The molecule is represented as –
This is the convention used for representing three-dimensional (3D) molecules-
i) The substituents which are above the plane of the paper, towards the observer are attached to the central atom by a solid wedge line.
ii) Substituents in the plane are shown by just a line.
iii) Substituents that recede behind the plane, are shown by dotted/ dash lines.
This convention helps us imagine the three-dimensional structure, even if the figure is drawn in two dimensions.
EXAMPLE 2 – AMMONIA (NH3).
In the ammonia molecule, the central atom of nitrogen is sp3 hybridized.
Nitrogen (7) in the ground state 1s2 2s2 2p3. Here no electrons are excited to higher energy levels. The 2s and 2p hybridize to form four sp3 orbitals. One 2p orbital has a lone pair of electrons and this orbital DOES NOT take part in bonding . Thus, lone pairs of electrons are also referred to as ‘non-bonding’ electron pairs. Later, the ammonia molecule is formed with three hydrogen atoms. The electron in a hydrogen atom is in the 1s orbital. Thus, this is an sp3 – s overlap.

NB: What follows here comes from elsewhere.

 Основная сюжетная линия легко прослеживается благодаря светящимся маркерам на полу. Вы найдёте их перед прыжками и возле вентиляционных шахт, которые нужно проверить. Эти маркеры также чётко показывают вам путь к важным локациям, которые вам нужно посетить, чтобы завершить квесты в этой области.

The one pair needs more space and so it pushes the other orbitals away from it and closer to each other .Thus,the lone pair changes the geometry of the molecule from tetrahedral to trigonal pyramidal. Subsequently, the bond angle changes from the regular 109.5º to 107.3º.
EXAMPLE 3 – WATER (H20).
In water molecule, the central atom oxygen is sp3 hybridized .
Oxygen (8) in ground state1s2 2s2 2p4. Here no electrons are excited to higher energy levels.

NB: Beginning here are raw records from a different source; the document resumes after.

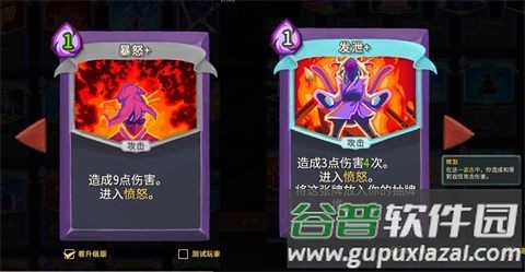 暴怒:1费造成9点伤害并进入愤怒;发泄:1费造成3点伤害4次,随后进入愤怒。
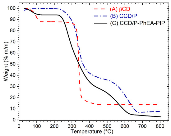 Thermogravimetric decomposition curves of (A) βCD, (B) CCD/P, and (C) CCD/P-PhEA-PIP in a temperature range between 10 and 800 °C in an atmosphere of N2.
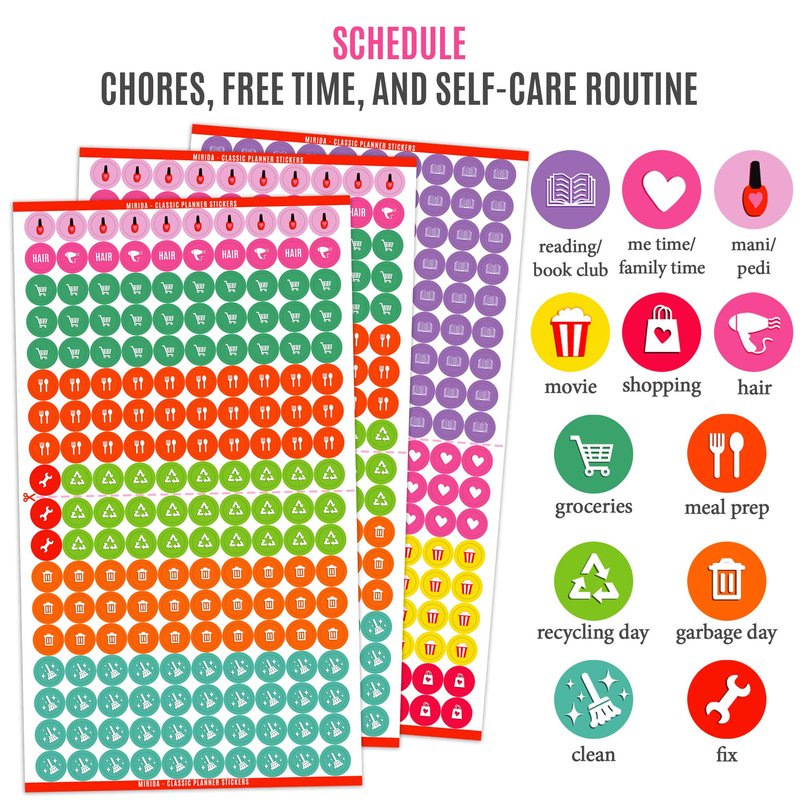 Mirida Planner Stickers – 1867 Daily Icons and Inspirational Stickers for Adults Calendar, Classic Pack for Budget, Work, and Holidays

There are two unpaired electrons in two 2p orbitals of oxygen atom in ground state and it forms two bonds with two hydrogen atoms.Then , why is hybridization theory needed to explain the formation of water molecule?
If the two bonding electrons (one each in two 2p orbitals ) were in unhybridized orbitals they would have been at 90º to each other. However, the observed bond angle is 104°.Thus, the concept of hybridization is necessary to explain the observed bond angle.
The 2s and 2p hybridise to form four sp3 orbitals. Later, the water molecule is formed with two hydrogen atoms. The two half filled sp3 orbitals overlap axially with two 1s hydrogen orbitals.Thus, this is a sp3 – s overlap.
Water molecule has a V-shaped geometry. The two lone pairs occupy more space than the bonding pairs and thus the distortion from tetrahedral shape. The bond angle is lesser than methane and ammonia molecule too.
An sp3 hybrid orbital has 25% s- character and 75% p-character .(This concept is discussed in detail in post #68).
In our next post we start talking about the next kind of hybridization. Till then,
Be a perpetual student of life and keep learning…
Good Day !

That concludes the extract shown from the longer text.